--- START ---

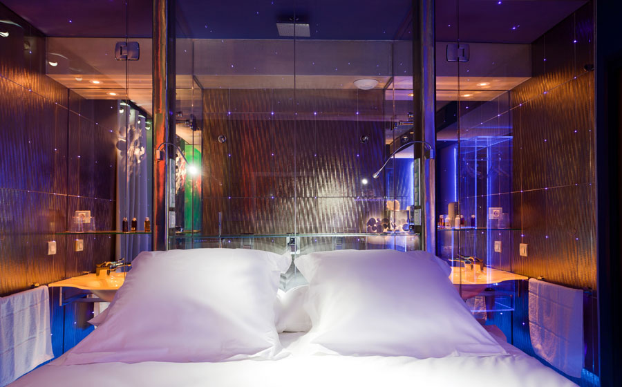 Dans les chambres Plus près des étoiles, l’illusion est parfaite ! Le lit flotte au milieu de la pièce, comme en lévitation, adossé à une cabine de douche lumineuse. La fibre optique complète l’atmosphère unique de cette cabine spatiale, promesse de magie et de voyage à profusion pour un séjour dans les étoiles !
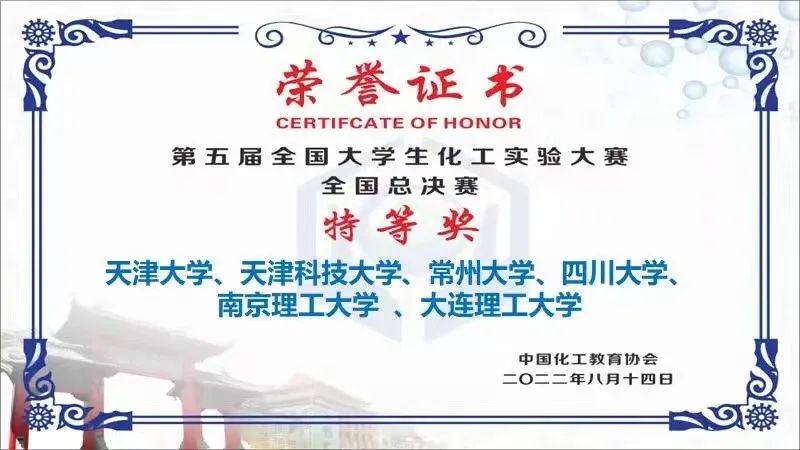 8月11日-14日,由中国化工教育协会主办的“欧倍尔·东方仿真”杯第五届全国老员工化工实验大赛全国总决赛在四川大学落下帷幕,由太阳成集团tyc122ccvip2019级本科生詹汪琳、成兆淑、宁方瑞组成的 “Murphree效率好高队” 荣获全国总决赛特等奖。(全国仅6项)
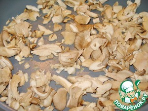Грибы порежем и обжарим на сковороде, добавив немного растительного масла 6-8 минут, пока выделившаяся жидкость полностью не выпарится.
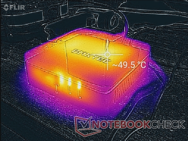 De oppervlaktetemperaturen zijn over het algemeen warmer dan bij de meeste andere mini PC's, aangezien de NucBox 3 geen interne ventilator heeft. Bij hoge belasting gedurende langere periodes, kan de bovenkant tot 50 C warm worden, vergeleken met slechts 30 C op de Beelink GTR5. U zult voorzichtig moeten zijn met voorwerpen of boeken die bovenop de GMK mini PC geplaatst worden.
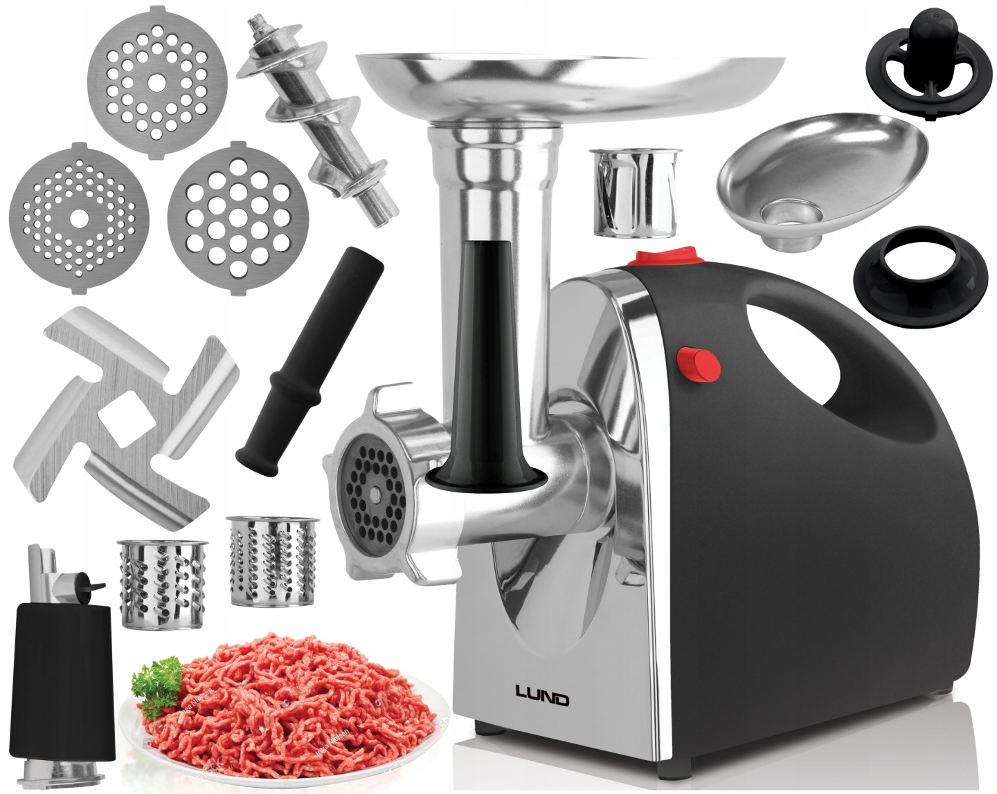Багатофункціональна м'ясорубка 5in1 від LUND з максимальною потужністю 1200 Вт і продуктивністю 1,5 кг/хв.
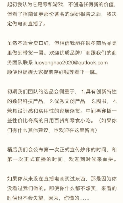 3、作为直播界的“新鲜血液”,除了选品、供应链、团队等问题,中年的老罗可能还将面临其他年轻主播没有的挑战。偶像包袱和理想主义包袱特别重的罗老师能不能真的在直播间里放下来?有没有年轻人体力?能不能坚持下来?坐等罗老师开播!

--- END ---

- **Problem statement**
Exactly as written, restate the lines above from the opening line through the one holding "Грибы порежем и", omitting the pictures.

- **Answer space**
 Dans les chambres Plus près des étoiles, l’illusion est parfaite ! Le lit flotte au milieu de la pièce, comme en lévitation, adossé à une cabine de douche lumineuse. La fibre optique complète l’atmosphère unique de cette cabine spatiale, promesse de magie et de voyage à profusion pour un séjour dans les étoiles !
 8月11日-14日,由中国化工教育协会主办的“欧倍尔·东方仿真”杯第五届全国老员工化工实验大赛全国总决赛在四川大学落下帷幕,由太阳成集团tyc122ccvip2019级本科生詹汪琳、成兆淑、宁方瑞组成的 “Murphree效率好高队” 荣获全国总决赛特等奖。(全国仅6项)
Грибы порежем и обжарим на сковороде, добавив немного растительного масла 6-8 минут, пока выделившаяся жидкость полностью не выпарится.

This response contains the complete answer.